Exhibiting far more harmonious content than most abstract constructs, this music possesses an aerial quality, lifting the audience to a vantage that regards normally unconnected sounds with fresh cameraderie. Dissonance becomes a common thread that is redirected into fluid structure, resulting in industrial moods that evoke humanity through an absence of organic disposition.
Imagine the Residents colliding with musuque concrete.
NORTHERN MACHINE: Staalhertz (CD on Hoffman Cleaner Cathode Company)
This release from 2003 features 49 minutes of industrial electronics.
Northern Machine is: Bill Warford and Pat Gillis.
Harsh electronics and mechanical rhythms are integral to Northern Machine's sound. Strangled guitar also appears, providing astral overtones for the gritty foundation. The electronics are frantic and brutal, but their application is strangely lilting, harnessed into diligent melodies that stir rather than agitate. Cruel cybernetic outbursts are goaded into managable riffs, then navigated to generate sweeping harmonics that exude authoritative posture. Order is produced from chaos, and the results are compelling and entertaining. The percussion is artificially induced, retaining a robotic demeanor despite its unpredictible nature. Whirling blades of sound soar dangerous close overhead, establishing an air of menace that permeates the electronic miasma.

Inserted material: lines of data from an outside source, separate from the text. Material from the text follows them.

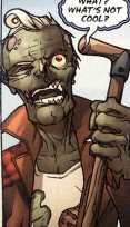 History: (Welcome to Tranquility #2) - Zombie Zeke was an undead horror host who spoke in ghoulish puns. He retired to Tranquility, a community for elderly superheroes and supervillains of yesteryear. Mr. Articulate was fatally stabbed with his own swordcane during a scuffle between Sheriff Lindo, the former members of the Liberty Squad and Emoticon and his entourage at the Chick’n Go. Who the murderer was wasn’t evident and Sheriff Lindo was determined to find the culprit. Articulate’s formerly Liberty Squad friends Mayor Fury, Colonel Cragg and Bad Dog met Zeke to arrange Articulate’s funeral. They were in no mood for Zombie Zeke’s shtick and just wanted him to assure them they’d give an honorable funeral for their their friend. The entire community of Tranquility turned out for the service
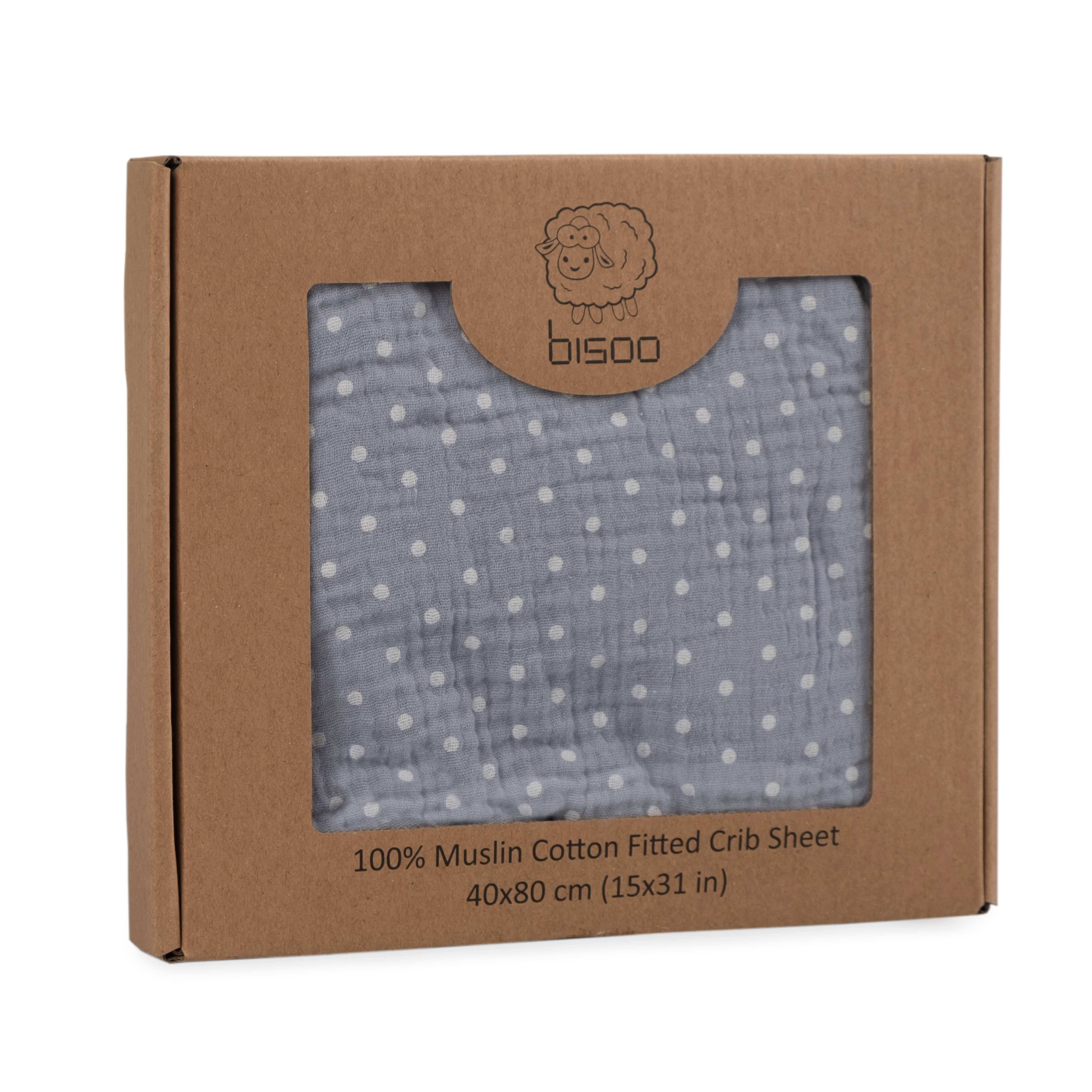 •    Una sábana bajera de muselina disponible en dos tallas (40x80 cm o 50x83 cm), ideal para cochecitos, minicunas o cunas colecho. Transpirable, suave y apta para lavadora.
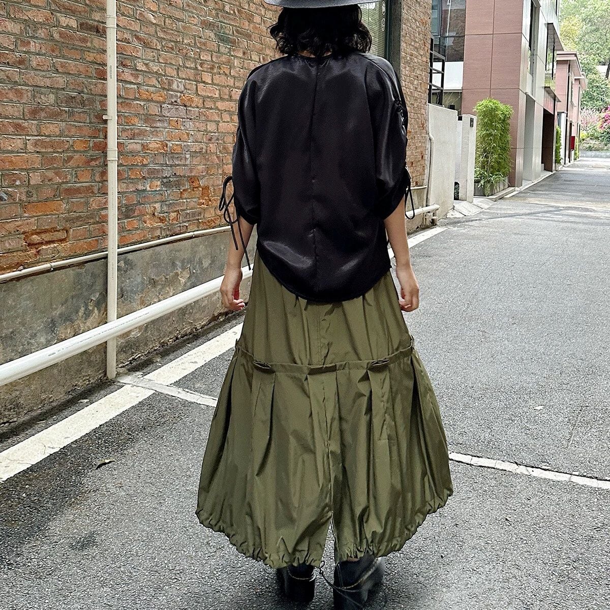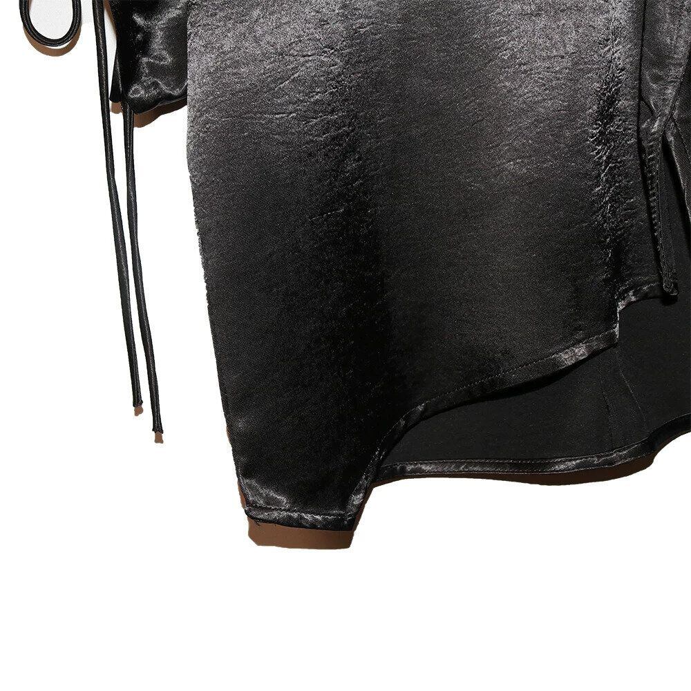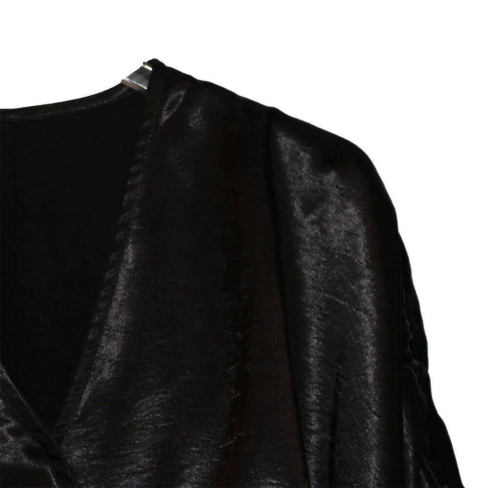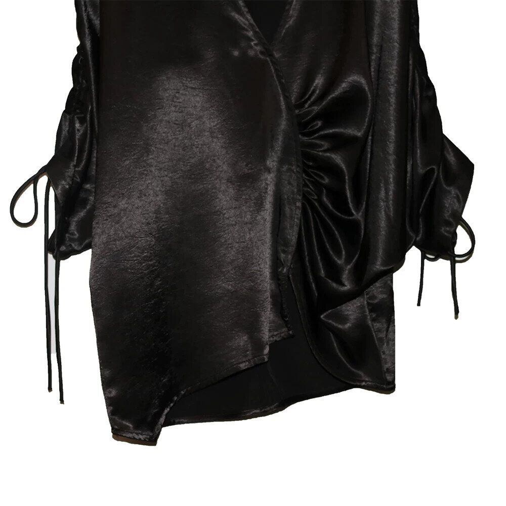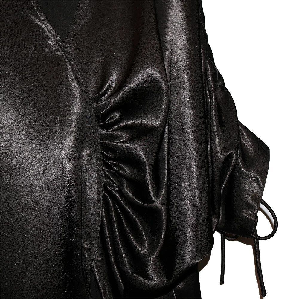 滑らかで艶のあるシルクのような素材が魅力的な、Vネック・7分袖・イレギュラーヘムのプルオーバーシャツです。ドローストリングの袖やギャザー加工で作られたシルエットがお洒落な、単色で合わせやすいアイテムです。色は2色から選べます。
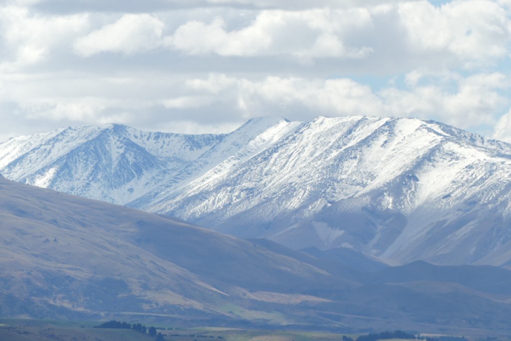 Schneebedeckte Bergspitzen entlang des Trails am sonnigen Donnerstagmorgen. Der Wintereinbruch der letzten Tage hat alle Gipfel über 1000 m gepudert. Weiße Berge über dunklen Hängen unter blauem Himmel sind typisch für Otago, aber nicht im Hochsommer. Das Land zeigt seine Schönheit im Extremen.
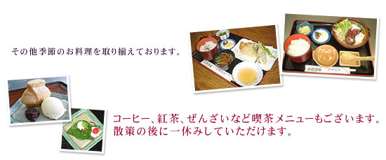 地元の食材を使い四季の味をご提供いたしております。こだわりの商品として手打ちそばをご提供いたしております。美山産のそば粉を使い、そば本来の味を引き出すよう心がけ、職人たちが心をこめて美山のおいしい水を使い打ち上げます。

Compositionally, the tunes are simple, but rarely sparse. A mood of antagonism is pleasantly tainted with dreamy sensibilities, resulting in aggressive sedation for those who require nastiness in their music. Even the more ambient tracks display a subliminal hostility that keeps the audience on edge with a sense of repressed tension ready to explode without warning.

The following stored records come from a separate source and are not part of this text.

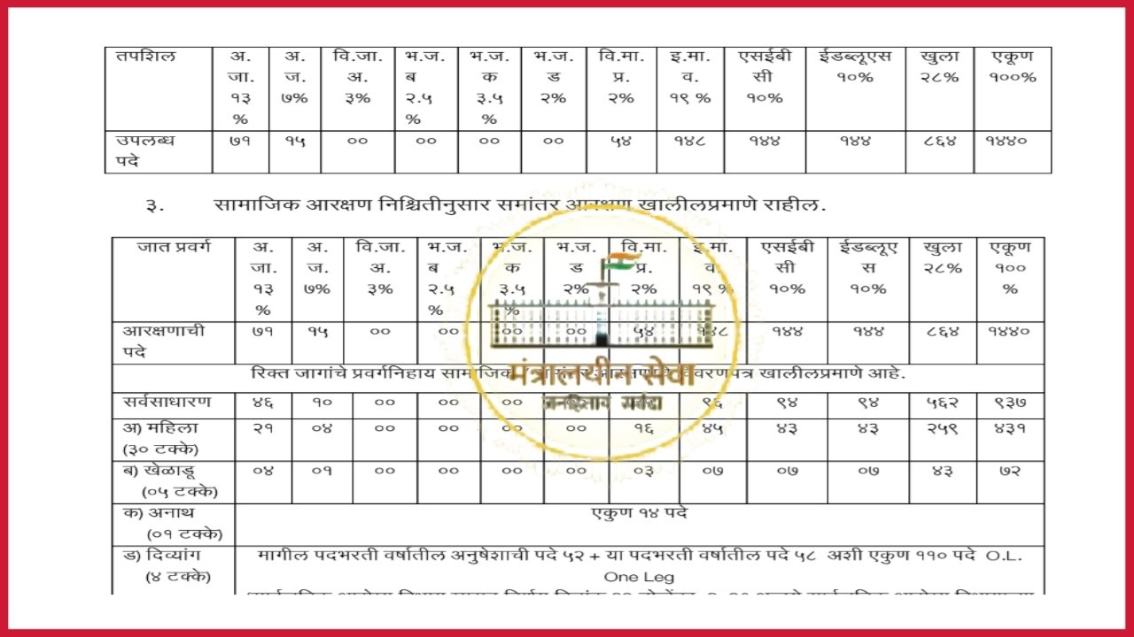 महाराष्ट्र शासन सेवेत विविध पदांच्या तब्बल 1489 जागांसाठी महाभरती प्रक्रिया !
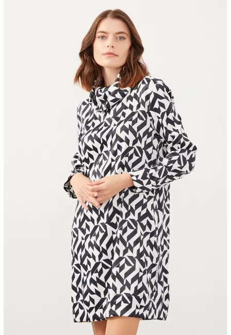 Десенирана рокля с класческа яка - Бял/Черен
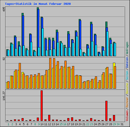 | Tag | Anfragen | Dateien | Seiten | Besuche | Rechner | Volumen | ||||||
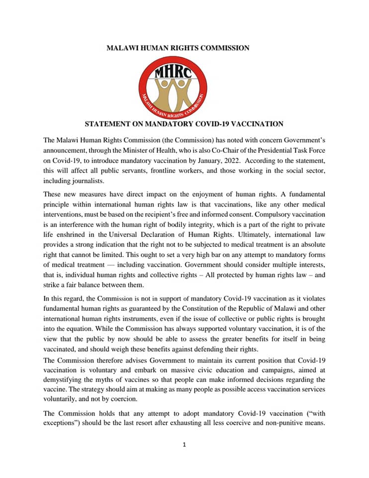 The Malawi Human Rights Commission (MHRC) has spoken against government’s proposal to introduce mandatory COVID-19 vaccination to ensure increased uptake.

Two tracks were recorded live during the Oyster Madness with guests: Cadence Carroll, Carsten Ginsberg, John Konrad, and Cheryl Sobas.

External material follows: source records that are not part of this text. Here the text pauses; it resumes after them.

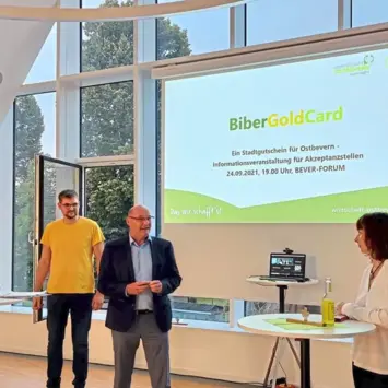 Schon im Spätsommer nahm das neue Projekt mit dem Titel „Biber-Gold-Card“ des Vereins „Wirtschaft Ostbevern“ und der Wirtschaftsförderung der Gemeinde Fahrt auf. Die Idee dahinter? Als neues Zahlungsmittel soll die kleine grüne Karte mit dem goldenen Aufdruck die Kaufkraft in der Bevergemeinde halten, im besten Fall sogar noch steigern.
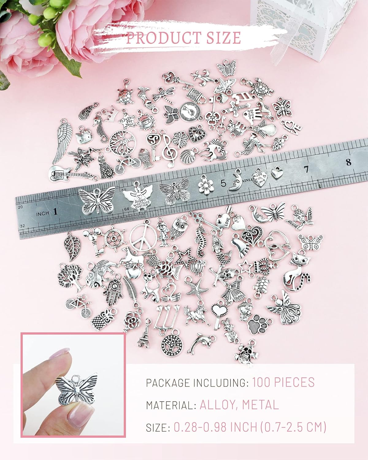 Material: Alloy, lead and nickel free. 100% brand new and high quality. – 30 mm).Color: antique silver. Size: 0.3 – 1 inch (7-25 mm). Quantity: 100 pcs jewelry making charms. 1 pcs chamois cloth of JIALEEY. (Great for cleaning and polishing jewelry).Tibetan silver metal charm, it’s fashion, creative, full of special means, is a very useful accessory, Exquisite and classical design charms. It can be used in all kinds of decoration.Perfect for handcraft works, zipper pulls, earring, necklace, bracelet, keychain, sweater chain, anklet, cellphone decoration accessories, etc. Best choice for jewelry DIY.
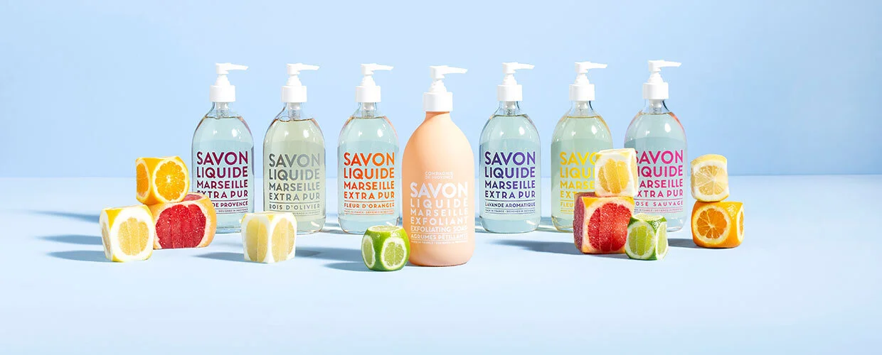 Compagnie de Provence. Marseille Soap Cubes 400gr €5,50, Liquid Marseille Soap 495ml €15,50, Black Soap 500ml €13. Cleaning Sprays 500ml €11, Liquid Dish Soaps 500ml €11. Te koop via Babussu.nl en Babassu filialen

PSYCHETROPIC: China Radio Sunshine (CDR on Microrelease)
This release from 2003 features 55 minutes of dreamy electronic music.
Psychetropic is Todd Fletcher.
Sparkling textures fill the air, punctuated by heavenly chords and unearthly tones. Electronic embellishments ricochet off each other, combining to generate pleasant melodies that stir the subconscious with their gentle vibrations. Many of the sounds carry a crystalline disposition, delivering a congenial chill to the harmonics. Keyboards guide these sounds into swaying structures that arc through the audience's attention like clouds of soaring birds, slicing the atmospheric soundscape with their graceful passage.
E-perc rhythms add soft, controlled beats that transform the drifting electronics into sedate-but-lively tunes. Gradually, the percussives elevate the songs, injecting pep to the ambient melodies and violating the music's sedative demeanor. These rhythms often consist of electronic burps that are looped to generate tempos with their sizzling presence.
Fletcher's compositions are a tasty alliance of ambience and pop, resulting in tuneage that has body and appealing depth while never growing obtrusive. An understated element of fun permeates this music, not quite celebratory but definitely smile-inducing.
Life without Psychetropic's music would be a dismal existence.